Relying on the language of the Act, which included the phrase “for the period of weeks prescribed.... ” and the reasoning in Yeager and Snyder, we conclude that the Fund’s liability is triggered on the date that the specific loss period would end. We also note that Acme is not contrary to the result we reach today. Here, both the specific loss benefits paid to Decedent via the commutation and the disability benefits Decedent hoped to receive from the Fund arose as a result of the same injury; there would just be different payors. Thus, pursuant to Acme a claimant cannot receive both disability benefits and specific loss benefits concurrently if the disability normally follows from the specific loss. We also believe that the result reached here is the most equitable, putting Decedent in the same position as a claimant who is paid over time for his specific loss. Such a claimant would not begin to receive the total disability benefits from the Fund until his specific loss benefits were paid in full.
Accordingly, for the reasons stated above, we conclude that in a situation where specific loss benefits are commuted, the Fund’s liability begins on the date when the specific loss period ends. Thus, we affirm the Board’s order.

ORDER

NOW, May 22, 2000, the order of the Workers’ Compensation Appeal Board, at No.
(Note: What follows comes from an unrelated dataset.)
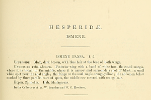Anlass zur Verwirrung kann die Bindung der fünf Bände der „Illustrations of New Species of Exotic Butterflies“ im Besitz der Smithsonian Libraries and Archives bieten, die in der Biodiversity Heritage Library (BHL) digitalisiert sind. Was dort als Vol. V bezeichnet ist, so auch auf dem Titelblatt, enthält die Tafel Ismene, die jedoch zu Vol. IV gehört. Zur Entwirrung beitragen können die Wrapper (Titelblätter der einzelnen Lieferungen), die in der BHL als „[suppl.=wrappers;indexes]“ zusammengefasst sind [Digitalisat auf biodiversitylibrary.org].

A97-1637, dated July 29, 1999, is affirmed.

. Act of June 2, 1915, P.L. 736, as amended, added by the Act of May 29, 1945, P.L. 1186, 77 P.S. § 516. The Fund was enacted to encourage the hiring of handicapped veterans and civilians "by notifying employers that if a handicapped employe sustained a subsequent injury resulting in total disability, the burden of paying additional compensation would be on the Commonwealth and not on the employer.” Carpinelli v. Penn Steel Castings Co., 209 Pa.Super. 390, 227 A.2d 912, 913-14 (1967).
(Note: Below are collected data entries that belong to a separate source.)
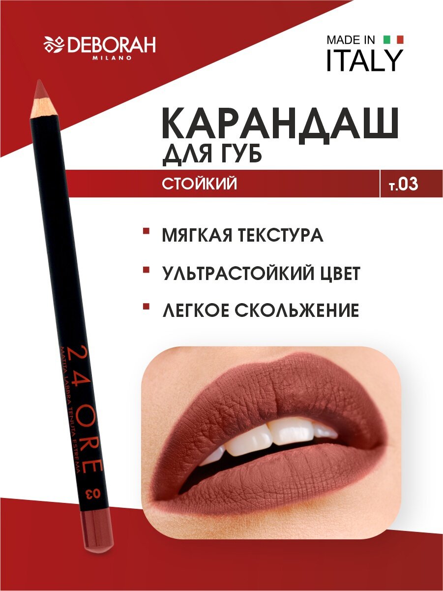 10 цен на DEBORAH Карандаш для губ стойкий 24 ORE LONG LASTING LIP PENCIL тон 03 кирпичный 1.5г.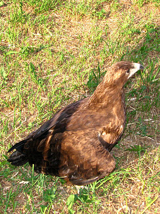 Беркут ( Aquila chrysaetos) — одна из наиболее известных хищных птиц семейства ястребиных, самый крупный орёл. Распространён в северном полушарии, где обитает преимущественно в горах, в меньшей степени на равнинных открытых и полуоткрытых ландшафтах. Избегает жилых районов, чувствителен к беспокойству со стороны человека. На большей части ареала живёт оседло, держится парами возле гнезда, на северной периферии области распространения и высокогорья часть птиц откочёвывает в менее снежные районы. Охотится на самую разнообразную дичь, чаще всего зайцев, грызунов и многие виды птиц. Иногда нападает на овец, телят и детёнышей оленей. Гнездо устраивает на дереве либо на труднодоступном скалистом уступе. В кладке обычно два яйца, однако чаще всего выживает только один птенец.
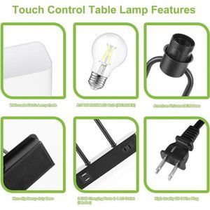 đ§żâ€ă3 Level Brightness Touch Control Table Lampă: This modern bedside lamp has 3 different brightness options (low, medium and high) to meet your various demands at different times or occasions. Upgraded touch control feature makes it exactly convenient to turn on/off and adjust to your favorite brightness level, just tapping any metal part of the sturdy base, stems or even the finial on the socket, greatly handy to operate, no more minding switch lost or broken.

. Our scope of review in a workers’ compensation appeal is limited to determining whether an error of law was committed, constitutional rights were violated, or whether necessary findings of fact are supported by substantial evidence. Section 704 of the Administrative Agency Law, 2 Pa.C.S. § 704. Russell v. Workmen’s Compensation Appeal Board (Volkswagen of America), 121 Pa.Cmwlth. 436, 550 A.2d 1364 (1988).